スマホの“子機”が続々と出てくるワケ:ITはみ出しコラム
iPhoneもAndroidも新モデルは大型化が目立つようになりました。高性能になって画面が見やすくなるのはいいことですが、大きすぎて持ちにくくもなってきています。その解決法として、いろいろなモノが出てきました。
先週は立て続けにスマートフォンの“子機”となる新製品が発表されました。
スマートフォンがどんどん巨大化して、性能が上がって画面が見やすくなる一方で持ちにくくなっているのを、子機でカバーするという考え方です。この現象に名前を付けたいのですが、いい言葉が思い浮かびません。「本末転倒」とも違うし……。
懐かしのPDAブランドを冠した「Palm」は、米Verizonのスマホ(iPhoneでもAndroidでも)を持っている人が、同じ電話番号で使えます。大きなスマホを持ち歩かなくても単体で基本的なことはできるAndroid搭載の“コンパニオン”端末です。
オリジナルとは全く違うモノになった「Palm」。サイズは50.6(幅)×96.6(高さ)×7.4(奥行き)mm、重さは約62.5gで、Snapdragon 435、メモリ3GB、ストレージ32GB、3.3型(445ppi)の液晶ディスプレイを搭載しています
携帯電話の番号を共有するというのはNTTドコモの「ワンナンバーサービス」のようですね。そして、そのドコモが発表した「ワンナンバーフォン ON 01」。こちらはAndroid 8.0以降を搭載したドコモのスマホと同じ携帯電話番号を共有する中国ZTE製の周辺機器です。
ドコモの製品紹介サイトでは「電話はコンパクトな子機で。動画視聴やネット閲覧は大画面の親機(スマホ)で。機能によって使い分けられるから便利・快適」と説明されています。
確かにスマホは巨大化しています。ベゼルを狭くすることで広いディスプレイを以前より小さな筐体に収められるようになってはいるものの、新製品が出るごとにディスプレイのサイズはまだ大きくなっていきそうです。
実際に6.5型の「iPhone XS Max」を片手で持ってみると、横幅だけでなく縦に長いので、私の小さな手では重心が上になりすぎて画面が上向きになるくらいです。
このままファブレット(スマホ+タブレット)的になっていくと、ASUSの「PadFone」シリーズのような“合体変形”的な進化方向もあるかなと思いましたが、新モデルはしばらく出ていません。

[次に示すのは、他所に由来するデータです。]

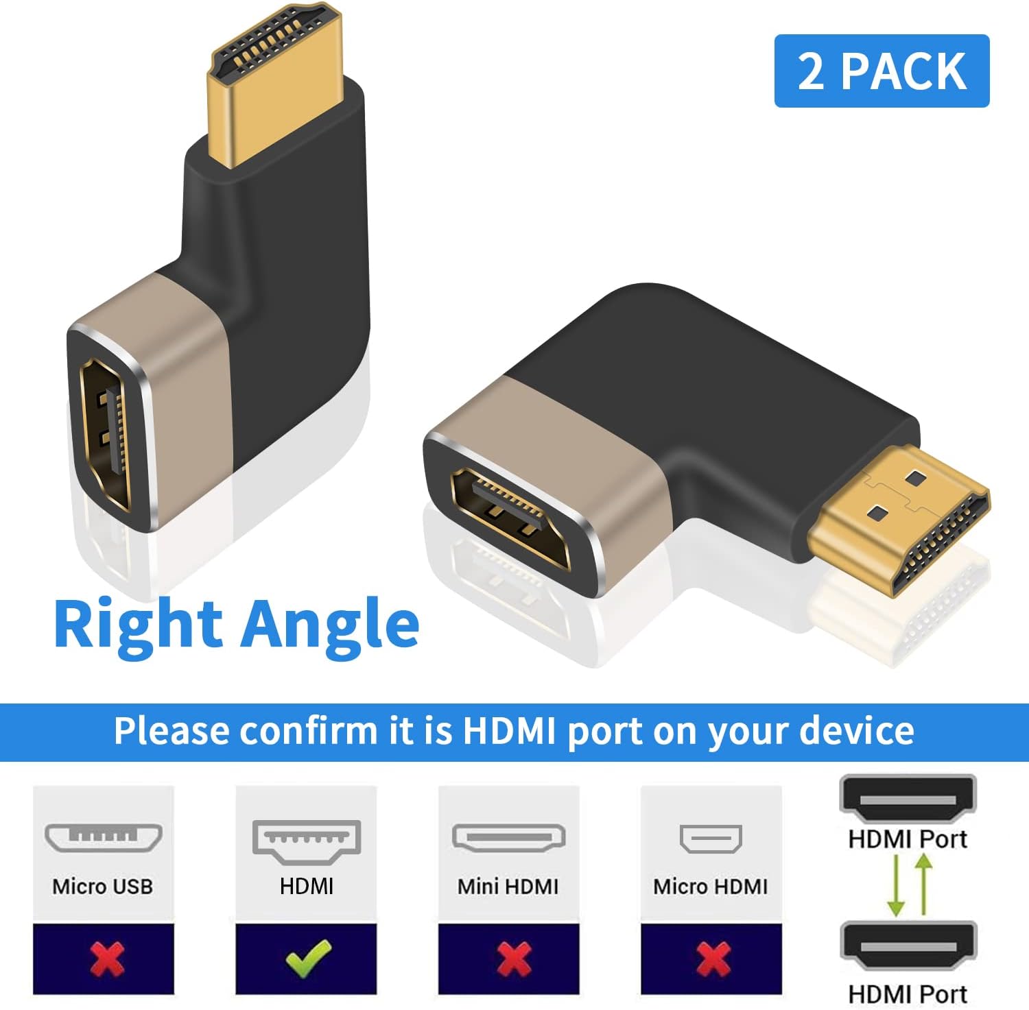 - HDMI 90 degree adapter 8K: Perfect 90 degree design, it can connect HDMI cable freely in small space or limited space behind equipment rack, without causing excessive bending of the cable and reducing the service life.

一方で「カードケータイ KY-01L」や「NichePhone-S 4G」、そして「Jelly Pro」のような機能を削って小型にした通話端末が出ているのも、スマホ巨大化の反動なのでしょう。
もちろん、「大きなスマホをいちいち取り出すのが面倒なだけなら、スマートウォッチで済むじゃないか」という意見もあります。「Apple Watch」でもウルトラ警備隊的な格好になることを気にしなければ通話だってできますし。
そのうちARメガネがもっと進化して違和感なく装着できるようになり、安全性も確保できたら、スマホ自体がテレビアニメ「電脳コイル」に出てくる電脳メガネのようなデバイスに取って代わられるかもしれません。
今回の子機はそれまでの過渡的な製品かなと思います。でも、小さきものをめでる族としては、1つ欲しい。かつてのPalmユーザーとしては、Palmが欲しい(でも、日本では販売予定なし……)。近所への買い物くらいならPalmだけパンツのバックポケットに入れて行けばいいし、本格的なお出かけならバッグに「Pixel 3」、ジャケットのポケットにPalmを入れておけば安心です。
そういえば、Androidの父と呼ばれるアンディ・ルービンさん率いる米Essential Productsも、スマホとは違う新しい端末を開発中だそうです。
こちらは子機という発想ではなく、ディスプレイを巨大化していくのとは違う方向への進化を目指しています。ディスプレイは小さく、入力は主に音声で行い、通話もできますが、ユーザーの代わりに電話に出てくれるのが特徴。最近の流行である「デジタルウェルビーイング(スマホ中毒対策)」に重点を置いたものになりそうです。
スマホの進化ペースは落ちても、その周辺にはまだ面白いことがありそうです。